◆ What this task involves: Repeat the full listing below verbatim and keep the images out.

◆ Supplied material:
- - - -

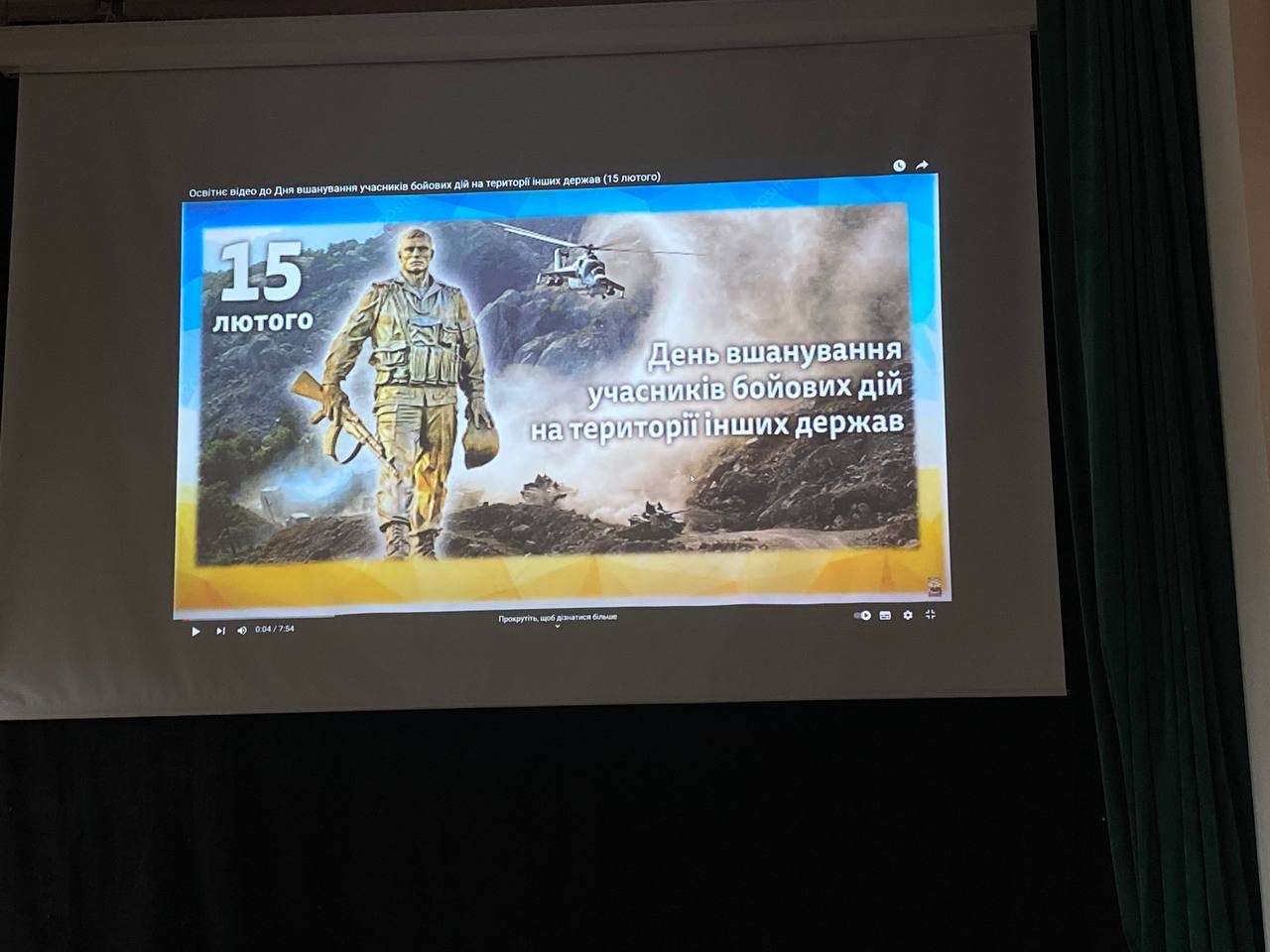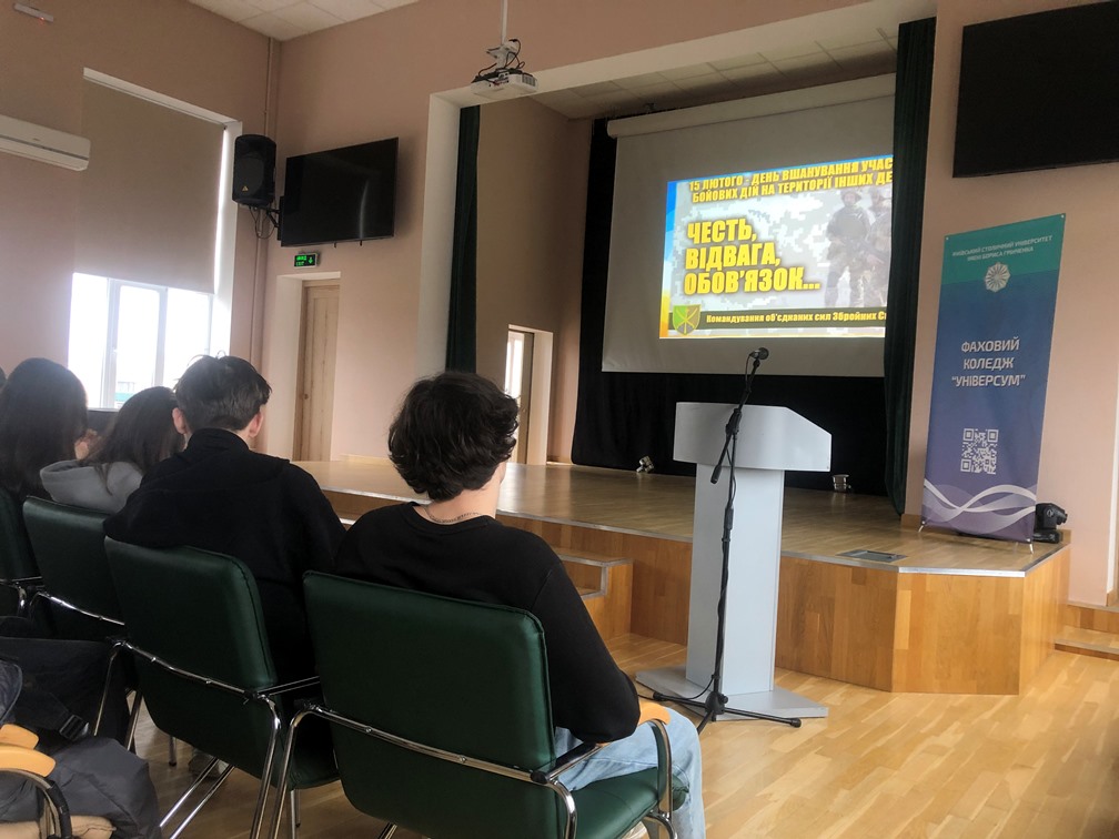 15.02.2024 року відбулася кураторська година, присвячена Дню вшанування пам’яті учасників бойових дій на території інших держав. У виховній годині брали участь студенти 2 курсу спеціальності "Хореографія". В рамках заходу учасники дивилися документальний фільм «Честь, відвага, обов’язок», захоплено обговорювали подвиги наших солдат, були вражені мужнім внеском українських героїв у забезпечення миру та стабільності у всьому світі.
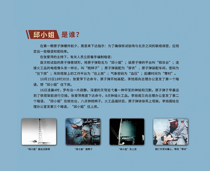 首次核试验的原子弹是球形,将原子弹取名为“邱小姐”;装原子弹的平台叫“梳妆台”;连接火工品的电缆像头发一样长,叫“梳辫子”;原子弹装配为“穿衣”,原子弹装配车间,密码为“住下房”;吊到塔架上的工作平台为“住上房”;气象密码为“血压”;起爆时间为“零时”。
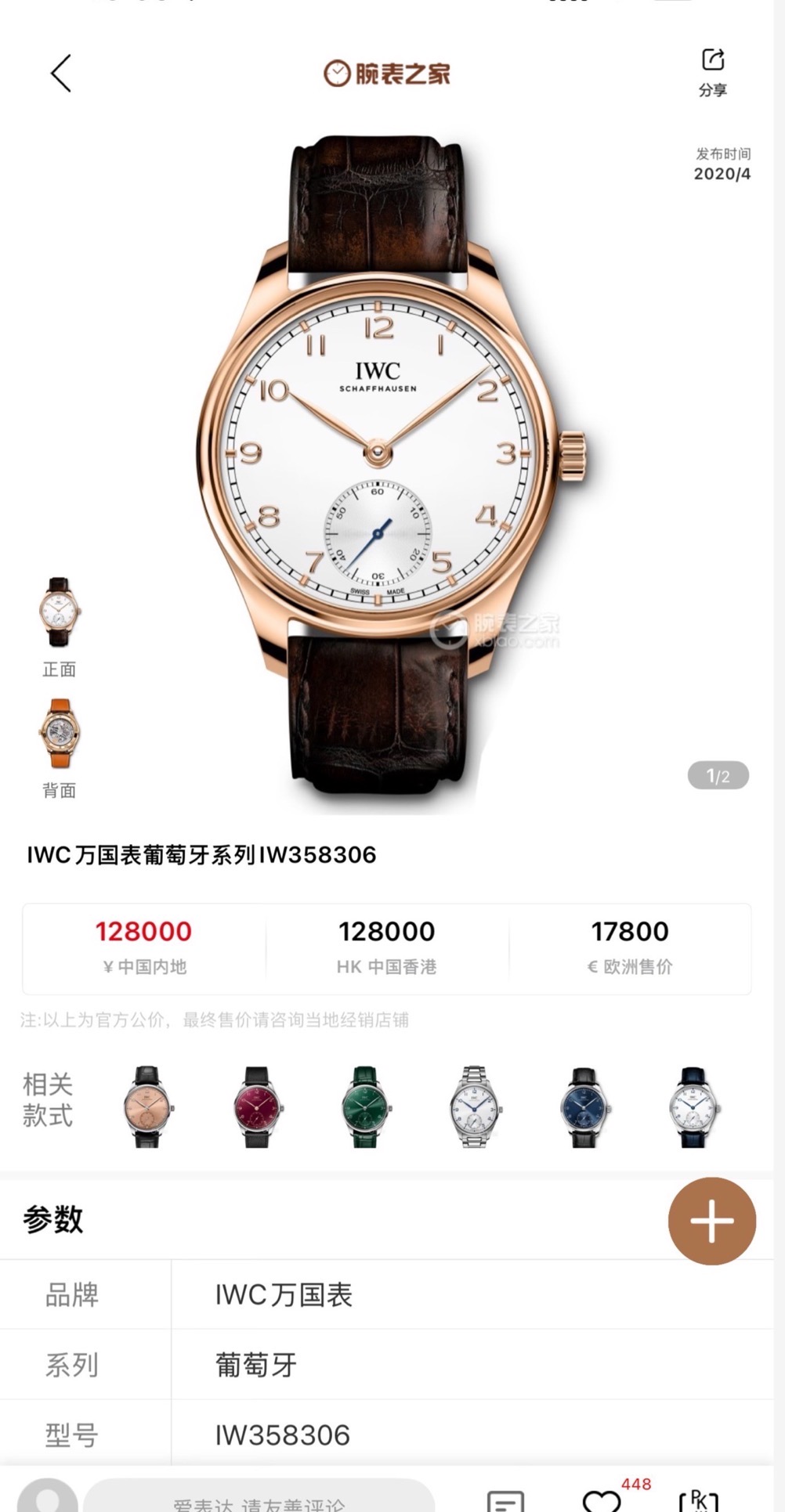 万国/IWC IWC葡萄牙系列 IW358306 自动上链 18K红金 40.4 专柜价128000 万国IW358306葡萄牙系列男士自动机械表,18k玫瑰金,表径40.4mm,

- - - -

◆ Solution below:
 15.02.2024 року відбулася кураторська година, присвячена Дню вшанування пам’яті учасників бойових дій на території інших держав. У виховній годині брали участь студенти 2 курсу спеціальності "Хореографія". В рамках заходу учасники дивилися документальний фільм «Честь, відвага, обов’язок», захоплено обговорювали подвиги наших солдат, були вражені мужнім внеском українських героїв у забезпечення миру та стабільності у всьому світі.
 首次核试验的原子弹是球形,将原子弹取名为“邱小姐”;装原子弹的平台叫“梳妆台”;连接火工品的电缆像头发一样长,叫“梳辫子”;原子弹装配为“穿衣”,原子弹装配车间,密码为“住下房”;吊到塔架上的工作平台为“住上房”;气象密码为“血压”;起爆时间为“零时”。
 万国/IWC IWC葡萄牙系列 IW358306 自动上链 18K红金 40.4 专柜价128000 万国IW358306葡萄牙系列男士自动机械表,18k玫瑰金,表径40.4mm,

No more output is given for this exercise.